Speaking to GB News Ramaswamy, whose parents emigrated to the US from India forty years ago, said people needed to “step up and do something about it.”

He said last night’s candidates’ debate was “a good opportunity to smoke out some real ideological differences within the Republican party,” adding, “I think they’re deep.”

“I think I am going to have to be the person in this race and on the debate stage who smokes that out.

“Should we fight in foreign wars that do not directly advance American interests or not? Should we actually unapologetically advance American interests even when it comes to domestic economic policy in the face of a climate change agenda that I think is fundamentally anti American at its core?

“There were real disagreements on that stage last night.”

Mr Ramaswamy described the ESG movement as “like a cancer” and the opposite vision of the American Revolution.

“We the people decide how we’re going to address shared challenges from climate change to racial injustice, to whatever they may be.

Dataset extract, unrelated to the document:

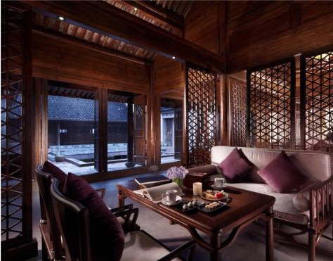 伴著那精致雕琢的花窗的是游廊上悠悠的玉笛之聲,清澈,悠揚的聲色帶給人的是對于那段歷史的無盡追思和懷想,天邊的那輪新月彎彎,勾起的是離人縷縷的愁思,廊上那盞清茶喚起的是歸人絲絲的眷念,造型大氣典雅的中式家具是歷史的懷念和追溯。簡單時尚的內室格局則強調的是一種內室文化的豐富感覺。

That was the foundation of the American Revolution.

“What you’re seeing in the rise of this new world of corporatism, the ESG movement that pervade capital markets around the world like a cancer is a scepticism of that American revolutionary view.

“They say ‘The people can’t be trusted, so if governments aren’t going to get it right, on climate change, then we the business leaders are going to have to step up and fill the void, working with those government officials to do it.

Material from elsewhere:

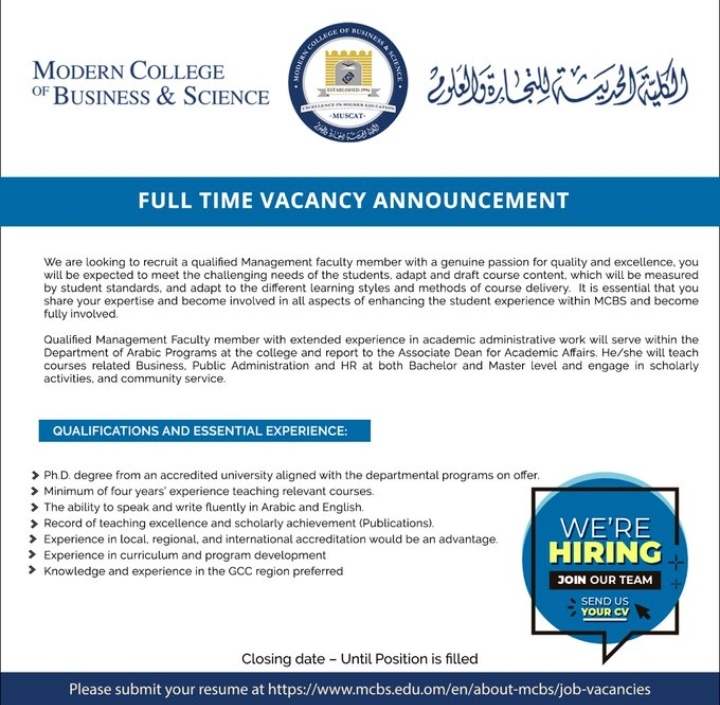 الكلية الحديثة للتجارة والعلوم تعلن وظيفة شاغرة 3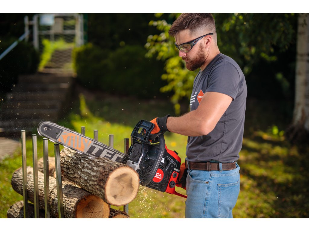 Vzduchem chlazený dvoutaktní motor o zdvihovém objemu 45,8 cm³ a výkonu 1,8 kW si poradí dokonce i s nepoddajným dřevem: Větve, hranoly a palivové dříví proti benzínové řetězové pile nic nezmůžou.

“And so, what’s at stake in these issues? It’s not just a little annoyance of our modern culture. It is that too, but it reflects a deeper scepticism. that citizens can be trusted at all.”

During the interview the businessman-turned-politician denied that he was an ‘isolationist’ and said he’d be interested in a trade deal with the UK.

“I do think that entering stronger bilateral trade relationships with our allies is a crucial step in declaring economic potential,” he said, with the caveat – “depending on the terms.”